Using IFNULL with a string
This converts null (blank) text to the words “whatever text you want”.
[IFNULL to text]: IFNULL([TextField],”whatever text you want”)
Use IFNULL to substitute one field with another
IFNULL can also substitute the null field for another. The fields both have to be the same data type.
For example, using date fields:
[IFNULL Replace Date]: IFNULL([DateField],[OtherDateField])
Another example, this time with strings, replace Null Country field values with the City value:
Using the Tableau ISNULL function
ISNULL differs to the other formulas. It doesn’t convert a Null to something else, it only checks if a value is null.
It is Boolean, it returns either True (it is null) or False (it is not null).
Usually this is used within an IF statement. In plain English: if a value is null then do A, else do B.
Is Null and Is Not Null in Tableau
Many softwares / programming languages use IS NULL and IS NOT NULL instead of the boolean ISNULL of Tableau. For example:
IF [FIELD] IS NULL THEN A ELSE B END
In Tableau this would be:
IF ISNULL([Field]) THEN A ELSE B END
Similarly with IS NOT NULL, this is often written:
IF [FIELD] IS NOT NULL THEN A ELSE B END
In Tableau this “is not null” formula should be:
IF NOT ISNULL([Field]) THEN A ELSE B END
ISNULL is also a longer way to refer to other Tableau Null functions
It can be a long-winded way to write IFNULL or ZN.
IF ISNULL([NumericField]) THEN 0 ELSE [NumericField] END
A benefit of using ISNULL in an IF statement is the additional flexibility you gain. The example below would not work using IFNULL.

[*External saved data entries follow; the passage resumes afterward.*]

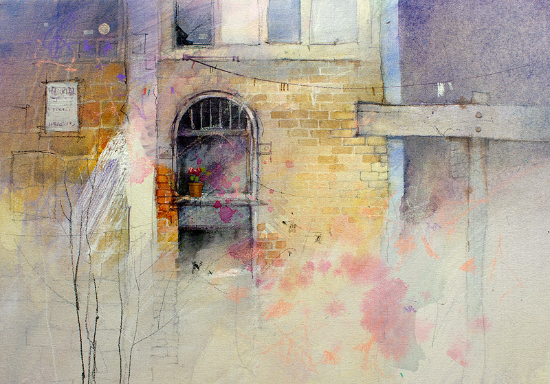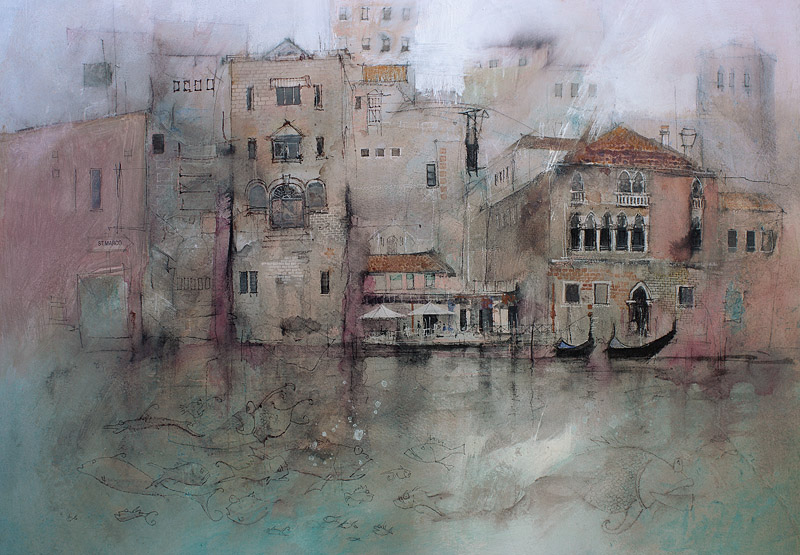 (530×760 mixed media on 600gsm paper) Tiny glimpses of life in the milky backwaters of Venice. This painting was done on heavy paper and mounted down on a gesso primed board using acrylic medium. It was finished with a satin acrylic varnish
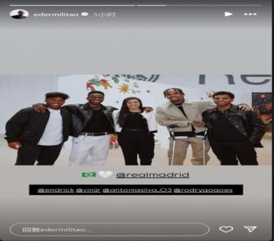 体育资讯12月14日报道宣称 皇马后卫米利唐更新社媒动态,晒出皇马队内巴西球员的合照。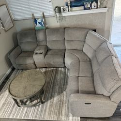 Living Room Couch Power Recliner With Two USB Ports, 3 Reclining Chairs, Center Console Storage With 2 Round Tables And Area Rug $800Poway, CA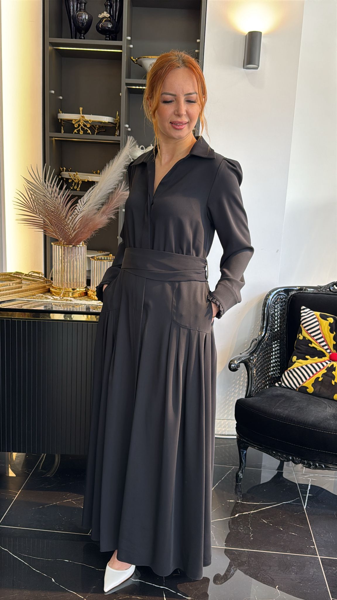 Bel Vurgusu: Geniş kemer/kuşak detayı beli ince gösterirken, pileli etek geçişiyle vücuda form kazandırır.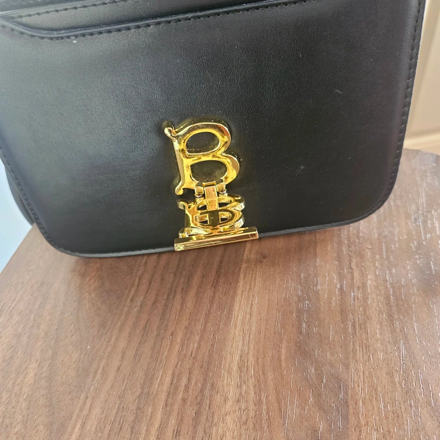 Burberry Black Leather Shoulder Bag with Gold TB Monogram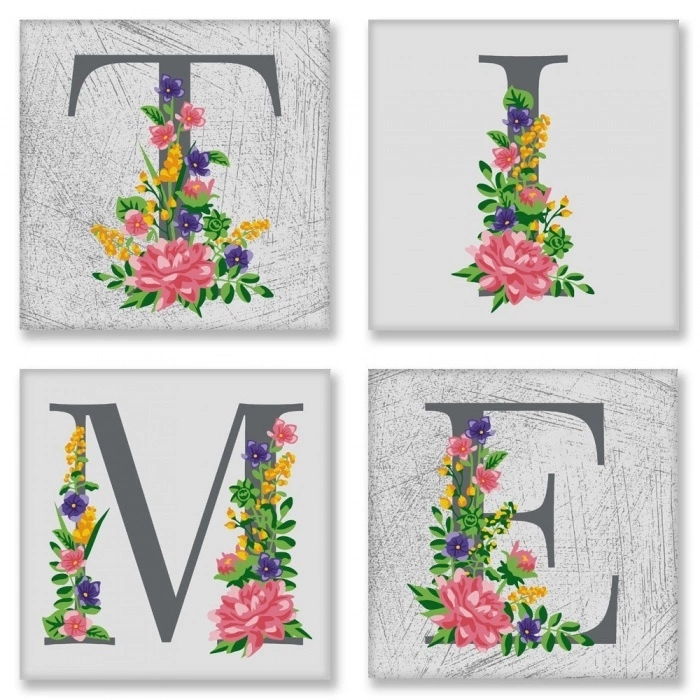 Додайте затишок в свою оселю! Малюйте чудові квіткові слова за номерами і додавайте сенсу вашого інтер'єру. Кожна буква розташована на окремому полотні з кольоровим фоном - ви зможете скласти ексклюзивну композицію на свій смак. Вибирайте ніжні мотиви Провансу, Скандинавську лаконічність або лофтового контраст.   Склад набору: -4 полотна з кольоровим фоном на підрамниках 18 * 18. На кожному полотні розміщені контури букви в квітковому оформленні з номерами під розмальовку. - 2 пензлика (середня і маленька) - Набір акрилових пронумерованих фарб - Перелік пунктів - Інструкція   КОЖЕН НАБІР оформлений в подарункову обгортку З РУЧКОЮ !!!!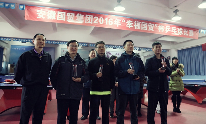 11月29日至30日,2016年“幸福國(guó)貿(mào)杯”乒乓球比賽在安徽省體育中心熱情上演。安糧集團(tuán)代表隊(duì)與來(lái)自國(guó)貿(mào)系統(tǒng)的兄弟公司代表隊(duì)展開(kāi)了團(tuán)體、男子單打、女子單打等三個(gè)項(xiàng)目的切磋對(duì)壘,最終取得團(tuán)體第四名的良好成績(jī)。
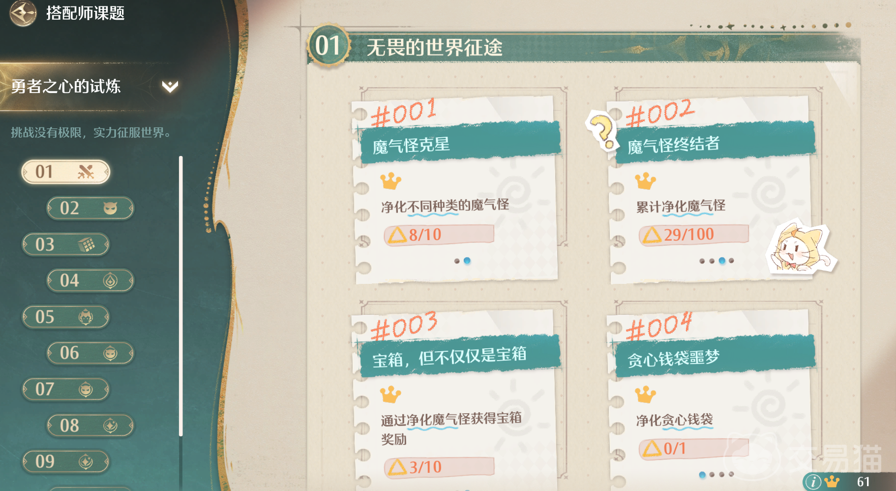 此外还有交流成长需要完成,这个小伙伴们通过完成各种特殊任务就可以,比如见闻任务和风物任务。至于勇者之心试炼则是需要大家去找各种宝箱以及净化各种魔气怪。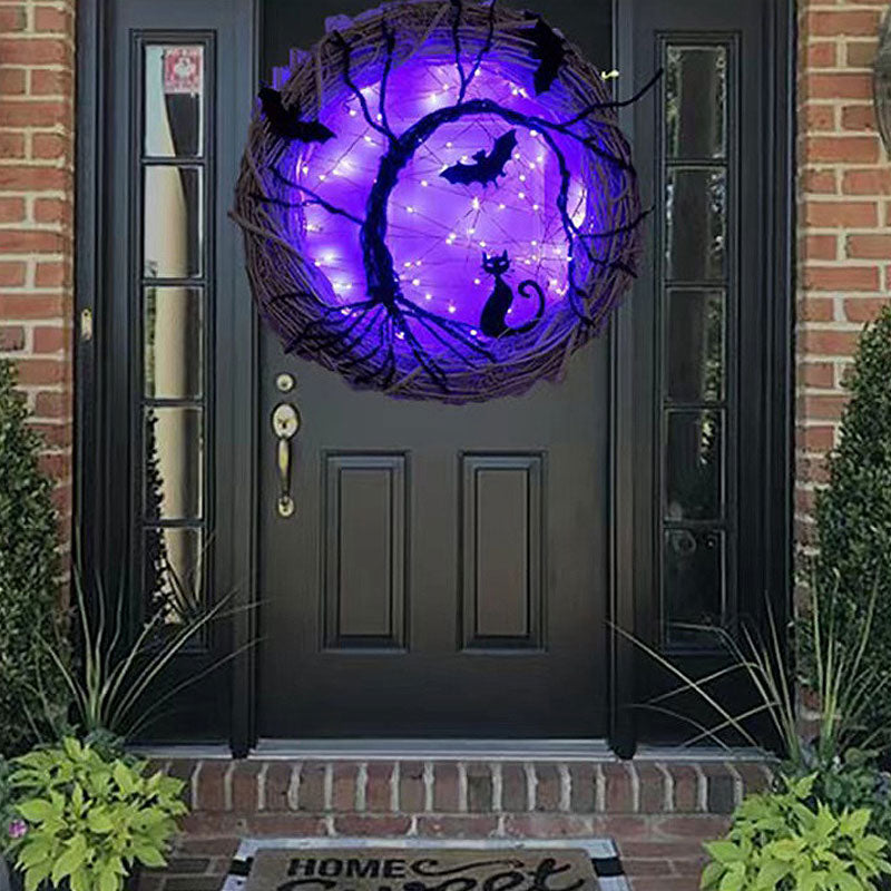 1 x Bat And Cat Wreath Halloween Rattan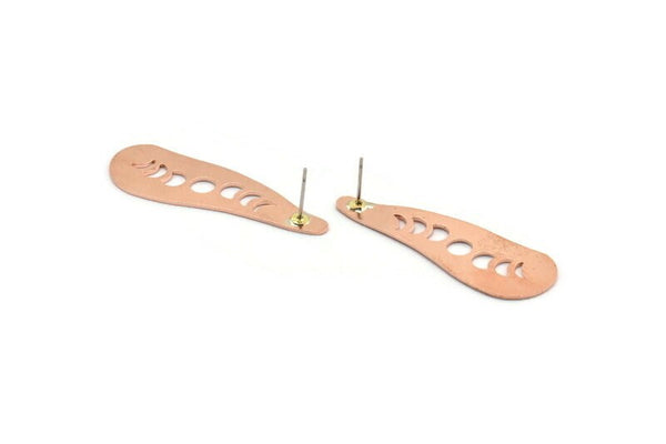 Raw Copper Moon Phases Stud Earrings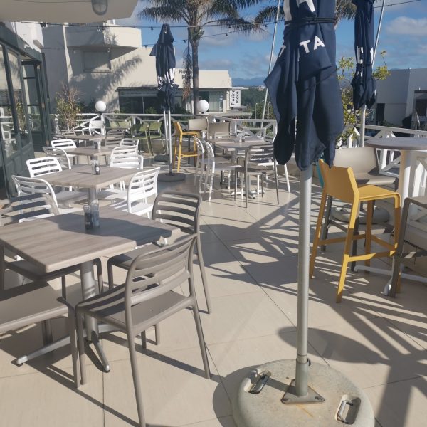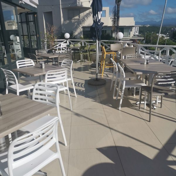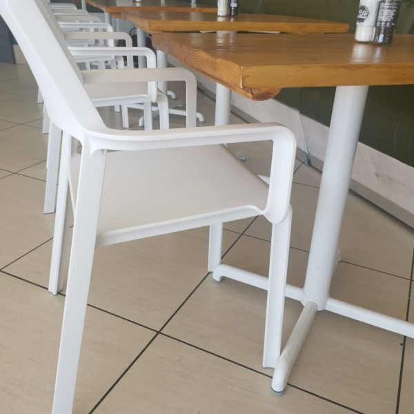 This is the Nardi Range, the Costa Side chair in White and Taupe, the Trill Armchair in White, the Trill Side chair in Aqua Blue and the Trill h75 Barstool in Mustard and Tuape and the Calice Alu std Base and Bar base in white.

IF ISNULL([DateField]) THEN “No Date” ELSE LEFT(DATENAME(‘month’,[DateField]),3) + “-” + STR(YEAR([DateField])) END
The above formula does the following:
When the date is null it shows the text “No Date”
When the data is not null it converts it to MMM-YYYY. Note it converts this date to string. The data types returned from this IF statement must be the same. As “No Date” is a string, the date also has to be a string.
ISNULL is useful to create a simple formula to filter out null values. For example to remove the Null [Country], create a calculated field with the formula ISNULL([Country]). Selecting False on the filters shelf will keep only those with a non-null value.
If the above isn’t enough for you, there are a number of other examples in this post on the Tableau site.
There you have it, the main ways of hiding null values in Tableau!